A sole proprietorship is the most common form of business type or company type and the easiest to understand and set up. Nevertheless, the owner is personally responsible for all financial obligations of the business and may not be treated as a separate entity. There is no legal division between the owner and the business, and so, the sole proprietorship may dissolve upon the death of its owner, and substantial debts can be passed on to family members.
A partnership has two or more owners that will share the earnings and losses of the company. A business with this structure does not assume the tax liability but are "passed through" to partners to account on their personal income tax returns. Like sole proprietorship, each partner is also personally liable for the financial obligations of the business and may dissolve upon the death of its owners, but the ownership can be passed to family members. Depending on the agreement signed by the partners, ownership may or may not be sold to anyone else.
A corporation is a legal entity separate from the founders, shareholders, and officers. Like an individual, corporations are taxed and held responsible for its actions, hence the avoidance of personal liabilities. Corporations require extensive maintenance of records and documents. C corporations can be subject to double taxation while S corporation (or Subchapter corporation) prevents this by passing through the income and losses on individual tax returns. Forming an S corporation is only applicable to US citizens.
To further explain how C corporations are taxed, they do not pay taxes on every dollar earned because taxes are calculated after deducting all operating expenses first, reducing total taxable income. Shareholders in only get taxed if dividends are distributed to them by the company. If dividends are kept within the company and not distributed, then double taxation does not apply.

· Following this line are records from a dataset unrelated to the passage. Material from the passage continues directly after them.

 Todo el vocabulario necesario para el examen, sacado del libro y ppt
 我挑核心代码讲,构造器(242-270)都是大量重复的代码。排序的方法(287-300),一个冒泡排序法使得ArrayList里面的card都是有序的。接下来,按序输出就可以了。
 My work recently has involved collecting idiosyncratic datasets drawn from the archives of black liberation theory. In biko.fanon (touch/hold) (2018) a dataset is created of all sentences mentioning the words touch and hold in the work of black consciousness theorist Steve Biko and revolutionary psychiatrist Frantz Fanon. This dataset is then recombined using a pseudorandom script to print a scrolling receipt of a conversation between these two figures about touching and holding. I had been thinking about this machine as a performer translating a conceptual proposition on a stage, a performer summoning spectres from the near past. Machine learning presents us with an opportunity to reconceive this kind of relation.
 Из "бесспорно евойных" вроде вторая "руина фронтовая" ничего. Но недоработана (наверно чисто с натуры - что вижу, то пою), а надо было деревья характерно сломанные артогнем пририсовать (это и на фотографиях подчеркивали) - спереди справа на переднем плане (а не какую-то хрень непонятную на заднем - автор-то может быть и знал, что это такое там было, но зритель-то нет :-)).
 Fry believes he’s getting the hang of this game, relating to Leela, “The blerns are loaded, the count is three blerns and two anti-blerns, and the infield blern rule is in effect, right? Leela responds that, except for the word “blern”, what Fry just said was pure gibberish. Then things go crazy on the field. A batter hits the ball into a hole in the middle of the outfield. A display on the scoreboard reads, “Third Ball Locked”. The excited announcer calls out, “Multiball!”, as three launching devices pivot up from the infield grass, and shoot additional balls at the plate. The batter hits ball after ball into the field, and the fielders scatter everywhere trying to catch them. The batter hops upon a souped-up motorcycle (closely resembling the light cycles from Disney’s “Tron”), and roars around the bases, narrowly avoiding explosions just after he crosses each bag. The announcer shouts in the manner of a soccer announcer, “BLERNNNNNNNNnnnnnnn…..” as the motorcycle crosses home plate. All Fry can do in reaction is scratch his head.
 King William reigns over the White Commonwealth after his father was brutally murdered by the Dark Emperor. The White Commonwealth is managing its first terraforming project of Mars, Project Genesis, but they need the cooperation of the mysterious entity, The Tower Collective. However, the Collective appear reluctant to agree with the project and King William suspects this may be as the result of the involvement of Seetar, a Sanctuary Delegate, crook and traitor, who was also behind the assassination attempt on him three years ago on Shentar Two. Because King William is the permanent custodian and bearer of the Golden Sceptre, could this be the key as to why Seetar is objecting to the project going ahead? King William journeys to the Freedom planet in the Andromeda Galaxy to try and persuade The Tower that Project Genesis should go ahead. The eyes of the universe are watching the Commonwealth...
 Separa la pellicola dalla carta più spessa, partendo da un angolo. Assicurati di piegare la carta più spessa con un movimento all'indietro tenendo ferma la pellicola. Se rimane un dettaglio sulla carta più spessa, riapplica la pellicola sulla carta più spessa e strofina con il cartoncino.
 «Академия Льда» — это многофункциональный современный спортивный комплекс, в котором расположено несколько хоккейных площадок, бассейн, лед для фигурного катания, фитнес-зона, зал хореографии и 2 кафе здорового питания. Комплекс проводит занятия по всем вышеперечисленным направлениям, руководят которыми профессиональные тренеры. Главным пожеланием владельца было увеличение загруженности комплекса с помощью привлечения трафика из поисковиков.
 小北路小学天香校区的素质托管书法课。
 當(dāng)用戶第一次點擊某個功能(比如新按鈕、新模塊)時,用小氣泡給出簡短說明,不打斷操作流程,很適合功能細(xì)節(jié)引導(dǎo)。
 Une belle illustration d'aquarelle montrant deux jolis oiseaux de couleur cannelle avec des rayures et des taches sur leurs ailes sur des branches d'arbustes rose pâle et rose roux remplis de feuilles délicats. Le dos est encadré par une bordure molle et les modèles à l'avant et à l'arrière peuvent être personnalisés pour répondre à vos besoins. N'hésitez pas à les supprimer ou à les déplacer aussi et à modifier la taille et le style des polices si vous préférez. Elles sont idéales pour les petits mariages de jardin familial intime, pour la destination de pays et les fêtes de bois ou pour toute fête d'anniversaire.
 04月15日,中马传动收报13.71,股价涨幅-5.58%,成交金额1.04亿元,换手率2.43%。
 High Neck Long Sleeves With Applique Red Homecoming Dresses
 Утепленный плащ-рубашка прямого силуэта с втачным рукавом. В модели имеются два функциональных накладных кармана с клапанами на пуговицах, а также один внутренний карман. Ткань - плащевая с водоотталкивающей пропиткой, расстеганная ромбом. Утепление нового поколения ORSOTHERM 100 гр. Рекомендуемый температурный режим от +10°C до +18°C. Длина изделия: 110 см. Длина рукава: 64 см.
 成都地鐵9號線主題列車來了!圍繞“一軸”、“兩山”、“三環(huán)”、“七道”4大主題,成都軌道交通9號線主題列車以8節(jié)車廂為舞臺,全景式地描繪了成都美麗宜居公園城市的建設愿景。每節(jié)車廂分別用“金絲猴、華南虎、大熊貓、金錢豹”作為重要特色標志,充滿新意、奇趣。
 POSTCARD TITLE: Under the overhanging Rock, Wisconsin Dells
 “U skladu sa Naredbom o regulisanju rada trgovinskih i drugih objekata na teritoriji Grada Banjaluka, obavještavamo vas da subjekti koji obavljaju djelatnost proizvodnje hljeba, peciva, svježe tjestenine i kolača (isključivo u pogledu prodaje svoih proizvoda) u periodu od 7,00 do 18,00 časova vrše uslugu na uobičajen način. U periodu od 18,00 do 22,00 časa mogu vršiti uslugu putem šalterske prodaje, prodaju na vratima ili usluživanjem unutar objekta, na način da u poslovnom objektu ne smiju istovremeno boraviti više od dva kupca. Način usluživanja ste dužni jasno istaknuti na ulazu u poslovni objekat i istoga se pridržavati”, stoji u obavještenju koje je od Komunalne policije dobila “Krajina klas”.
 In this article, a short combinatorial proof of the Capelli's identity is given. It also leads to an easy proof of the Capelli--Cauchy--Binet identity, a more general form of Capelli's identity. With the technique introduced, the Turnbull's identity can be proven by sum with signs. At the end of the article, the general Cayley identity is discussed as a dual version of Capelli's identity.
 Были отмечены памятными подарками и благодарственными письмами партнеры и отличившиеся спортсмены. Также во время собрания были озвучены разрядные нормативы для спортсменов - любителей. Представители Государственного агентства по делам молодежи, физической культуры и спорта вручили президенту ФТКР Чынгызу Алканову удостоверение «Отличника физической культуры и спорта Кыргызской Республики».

Despite of double taxation, this business type or company type is a popular choice because it allows the company to easily generate capital by selling shares or stocks to investors. The number of stocks can be expanded indefinitely at any time to generate more funds without relying on the help of financial institutions.
Corporations are perpetual, which means that death of founders or shareholders will not affect the corporation as it is a legally separate entity.
Limited Liability Company or LLC
A limited liability company or LLC has the benefits of both the corporations and partnerships. The earnings and losses are passed through to individuals instead of the business itself, and at the same time, the owners are not personally liable for the obligations of the business.
The IRS treats single-owner LLCs as sole proprietorships which means single-owner LLCs do not pay corporate taxes and do not have to file a return. The owners of single-member LLCs must report all profits and losses on individual income tax returns.
Multi-owner LLCs are treated as partnerships. Multi-owner LLCs do not pay taxes on business income. Each owner or member of the LLC pay taxes on their portion of profits on their personal income tax returns. Unlike C corporations, owners get taxed regardless if the profit has been distributed or not.
Like corporations, LLCs can survive beyond the death of its owners by inserting a provision in your operating agreement that indicates transfer of ownership to a family member or another person (or organization).
Professional Limited Liability Company or PLLC
A professional LLC or PLLC is only available to some licensed professionals. Some states prohibit licensed professionals to form an LLC, and form a PLLC instead. The requirements and rules vary per state but in general the professions allowed to form PLLCs are lawyers, doctors, engineers, and accountants. Owners of PLLC enjoy the same benefits as LLC except it does not protect individual members from malpractice filed against them, however, they are not liable for each other’s malpractice.